AG: How’s it been reliability-wise?
AH: Everything has been really good. The toughest part about owning it has been getting used to driving right hand drive in the U.S, but mechanically the truck has been solid. The only thing I’ve had to do is general maintenance.
It’s tough to find parts for these because they never sold them new here, so you have to be patient waiting for parts directly from Japan. That said, I haven’t had any major issues and based on the research these are pretty solid.
AG: Does this thing have any amenities?
AH: It’s got a Clarion AM radio and the original roadside flair required in Japan.
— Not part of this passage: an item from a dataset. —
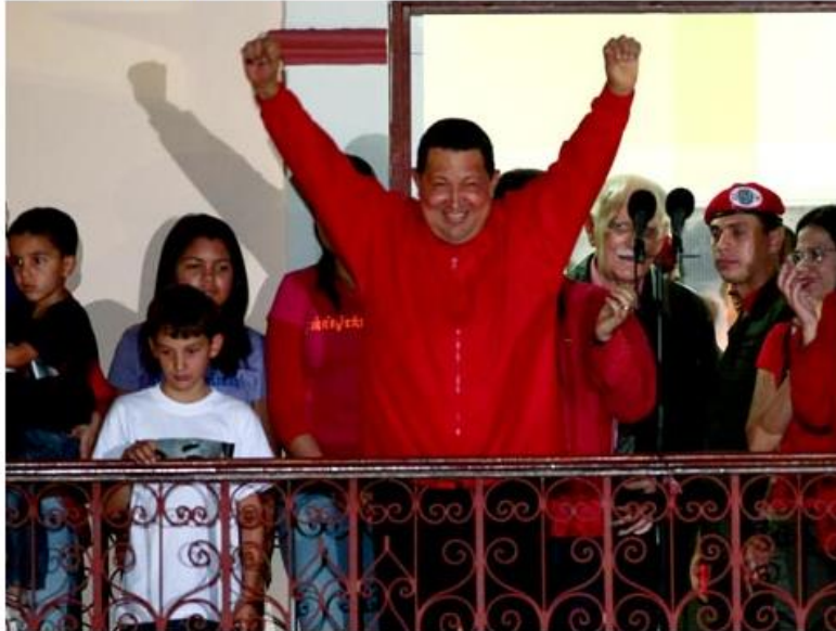
Hugo Chavez celebrates election victory. President Chavez was strongly endorsed by his people and saw off a US backed rich opponent.

These communist electoral victories show a clear rise in the tide of working class power all across Europe, marking a general increase in the resistance of workers to the malign influence of the neoliberal regimes that violently impose austerity and economic inequality in Europe. These victories sound out a hopeful note internationally, along with the triumphant victory of Hugo Chavez in Venezuela, and are creating an atmosphere of expectation for future successes in many places. Only by the tireless and passionate work of party activists can these victories be consolidated and expanded. The fight to reclaim worker's rights and benefits all across Europe will be difficult and long, but will inevitably end in victory.
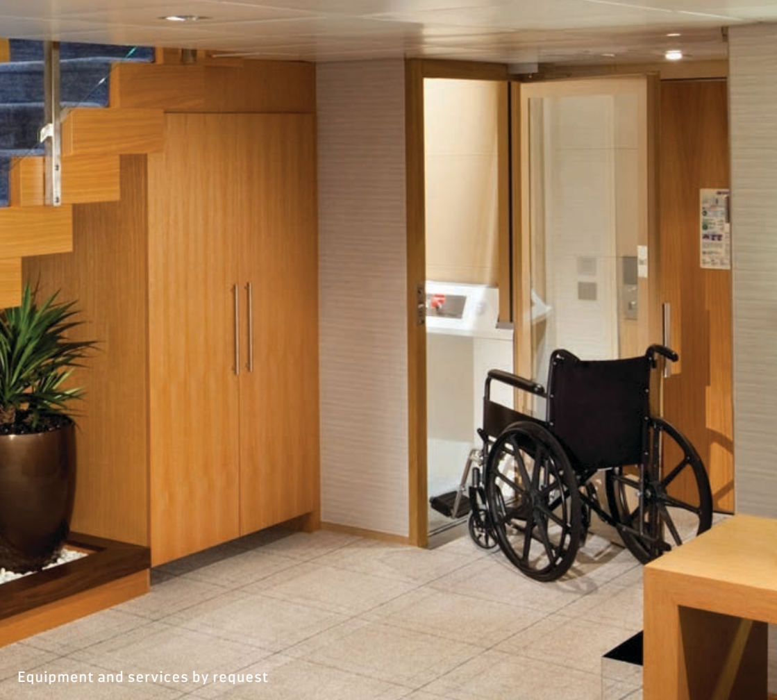
Equipment and services by request

I was told there was something about the interior, I guess this model was catered more towards the city, so it’s the “premium package.” Meaning the interior is black instead of the common brown and there’s a cover over the center floor portion, as “premium” as this truck gets.
There’s no AC and everything is manual controls—wind up windows, no power locks, etcetera. The seats are fixed in place and the headrests are right against the rear glass. Basically, everything in the truck is utilized the best it can be for max footprint.
It’s not the safest thing—your knees are essentially the bumper for the front of the truck. Everything is right there, easy to access.
AG: Do you have any future plans for this thing?
AH: At one point I was looking into lowering it. The only problem is, you’d probably want to lower the rear more than the front because as soon as you sit in the vehicle, it gets pretty low already, especially on the bigger wheels. Plus, the rear is axle-over-leaf, which makes it tricky to lower the back.
In the future, I hope to swap a GSXR 1000cc motorcycle engine in it and turn this thing into a screaming sort of nonsense vehicle, something to freak everyone out. But for now, I’m good with just cruising.